= Me-no-Sen-You-no-Come =

Village in Jamaica

Me-no-Sen-You-no-Come is a village in the Cockpit Country of western Jamaica. It is now a part of a district called Aberdeen, Jamaica, in the north-east section of Saint Elizabeth Parish, and is not extinct, as was originally believed. From the Jamaican dialect, the village name translates in English as, 'If I don't send for you, don't come.'

Located at 430 metres above sea level, it was founded by runaway slaves escaping from estates in Trelawny Parish at the start of the nineteenth century.

==Origins==
In 1812, a community of runaways started when a dozen men and some women escaped from the sugar plantations of Trelawny into the Cockpit Country, and they created a village named Me-no-Sen-You-no-Come. It is located near some cliffs and boasted fertile soils in its valleys. The unofficial maroon community of Free black people in Jamaica grew from its start of less than 20 runaway slaves to a large village that supported 14 buildings with shingle roofs and wood floors, raised poultry, hogs and nearly two hundred acres of cultivated land, thickly planted with provisions.

It is believed that runaway slaves who secured their freedom during the Second Maroon War, and had been a part of the community of Cuffee, joined Me-no-Sen-You-no-Come in succeeding years.

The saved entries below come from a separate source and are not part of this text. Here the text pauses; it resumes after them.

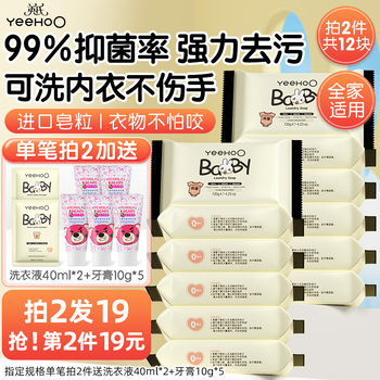 【拍1件券后29到手6块;拍2件叠加78-20元满减,共减30,券后48到手12块皂+2袋洗衣液40ml+牙膏10g*5支】,英氏婴儿洗衣皂儿童新生宝宝专用抑菌肥皂幼儿去污香皂内衣尿布皂
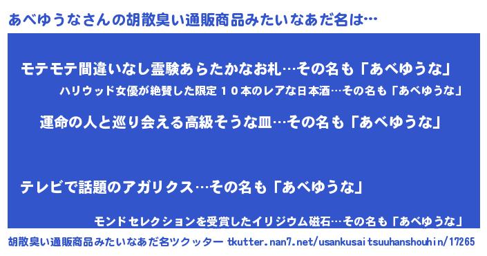 | 男性向けラノベタイトル風あだ名 | 『あべゆうな~年齢イコール彼女いない歴の魔法使い~』 |
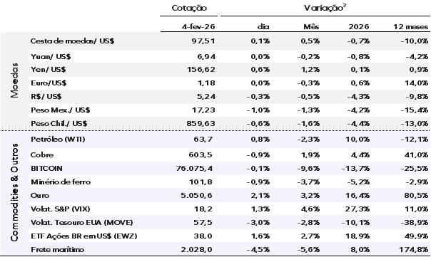 O índice DXY opera em leve alta de 0,07%, aos 97,51 pontos. O ouro avança 2,10%, cotado a US$ 5.050,63, enquanto o Bitcoin registra recuo de 0,09%, negociado a US$ 76.075,35.
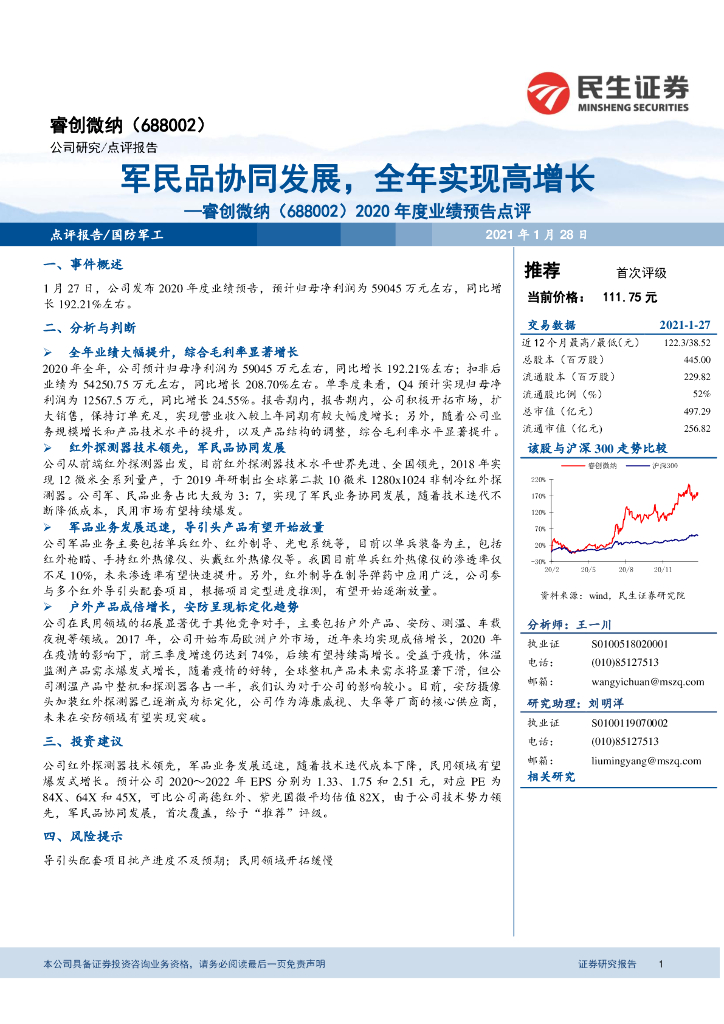 民生证券:睿创微纳(688002)-2020年度业绩预告点评:军民品协同发展,全年实现高增长.pdf
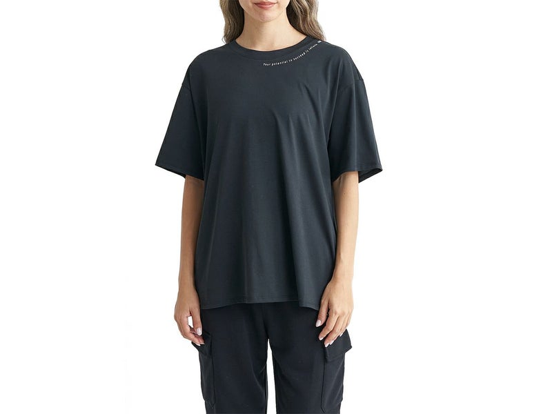 ワイドシルエットのプリントTシャツ。
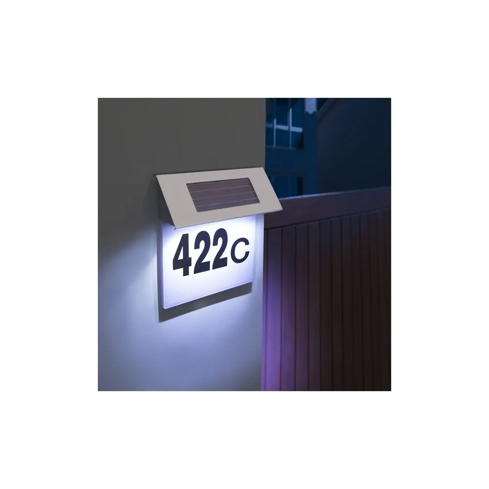 Fabricat din otel inoxidabil, este rezistent la orice conditie meteorologica pe termen lung. Numar de casa cu iluminare LED solara eleganta, care face ca fiecare intrare sa fie speciala. Pe panoul din plastic se poate plasa 3 numere, care vor fi foarte vizibile si noaptea sau in conditii meteorologice defavorabile.
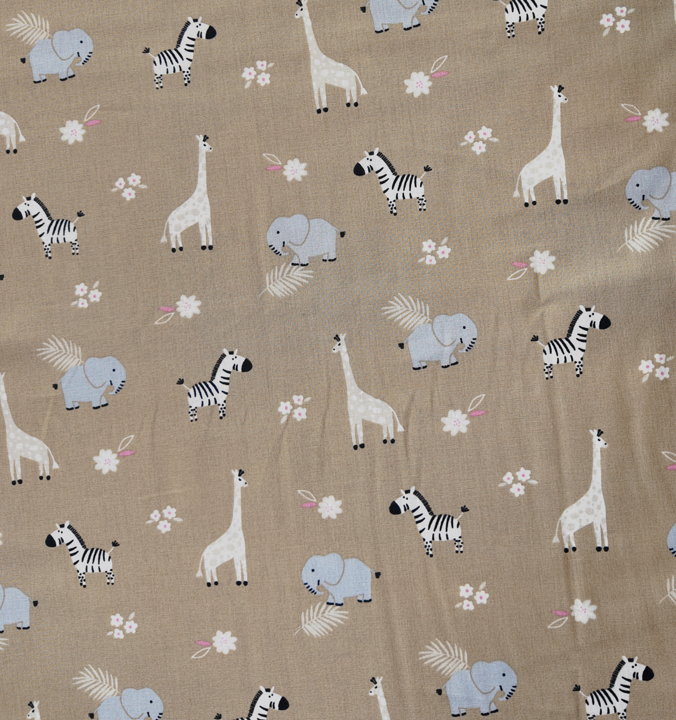 un fond beige doux sert de scène à des girafes élancées, des éléphants souriants et des zèbres légers, parsemés de petites fleurs pastels.
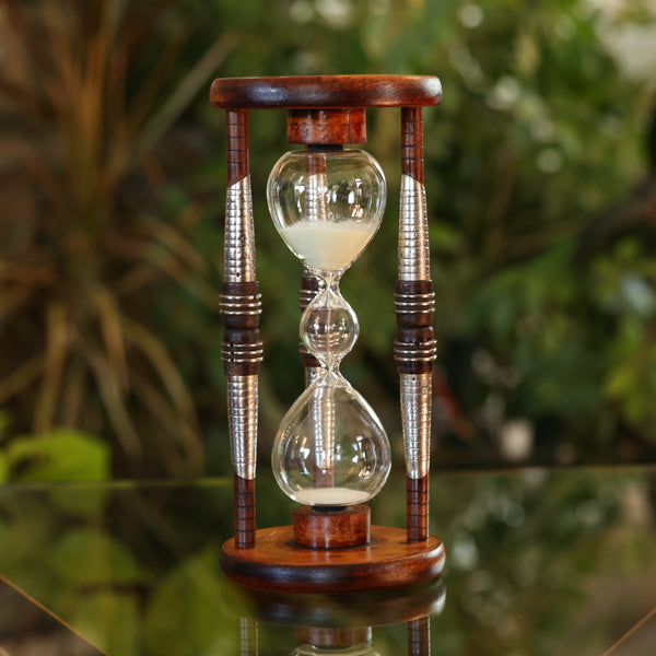 Made from recycled industrial artifacts from the the early 1900s, this three tier hourglass has a history as unique as it's style!
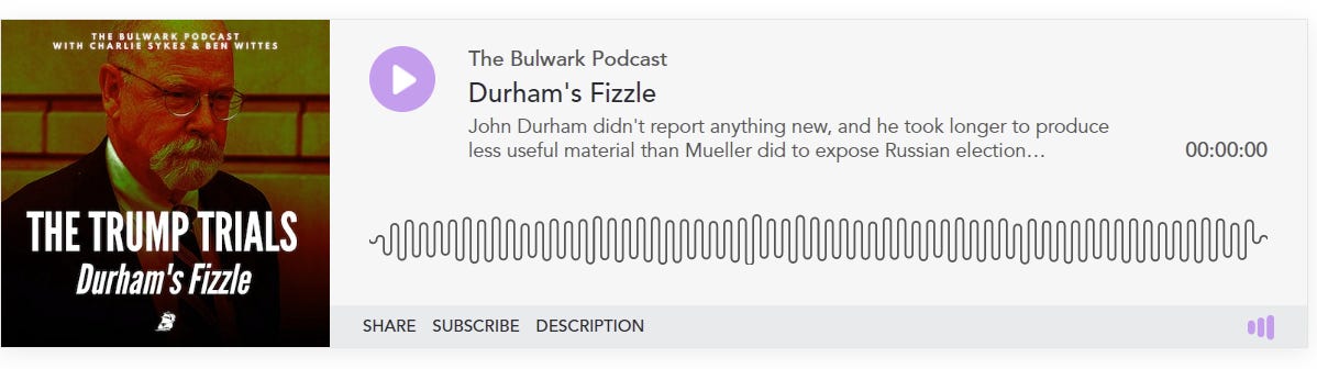 On yesterday’s episode of our special “Trump Trials” podcast, Lawfare’s Ben Wittes and I discussed the fact that what’s true in the Durham report isn’t new; and what’s new isn’t true. Also: Mayor Rudy’s latest, and the Mar-a-Lago investigation.

==Conflict with colonial authorities==

By the 1820s, Me-no-Sen-You-no-Come housed between 50 and 60 runaways. The headmen of the community were escaped slaves named Warren and Forbes. Me-no-Sen-You-no-Come also conducted a thriving trade with slaves from the north coast, who exchanged their salt provisions with the runaways for their ground provisions.

In October 1824, the colonial militias tried to destroy this maroon community. Some historians believe that the Maroons of Accompong Town successfully crushed this runaway community.

However, recent research shows that these Maroons had limited success, because after they left Me-no-Sen-You-no-Come to return to Accompong Town, a number of the runaways returned to the village and rebuilt huts. The Accompong Maroons succeeded only in killing one man, and capturing two women and three children.

==Legacy==

The community of Me-no-Sen-You-no-Come continued to thrive in the Cockpit Country until Emancipation in the 1830s. It is located in the southwest corner of the Cockpit Country, which is called "The District of Look Behind," now a part of the Upper Aberdeen community, because the redcoats rode two to a horse, one man facing the rear and nervously scanning the trees.

Today, Me-no-Sen-You-no-Come is called Quickstep.

Jamaican poet Kei Miller wrote a poem about Me-no-Sen-You-no-Come.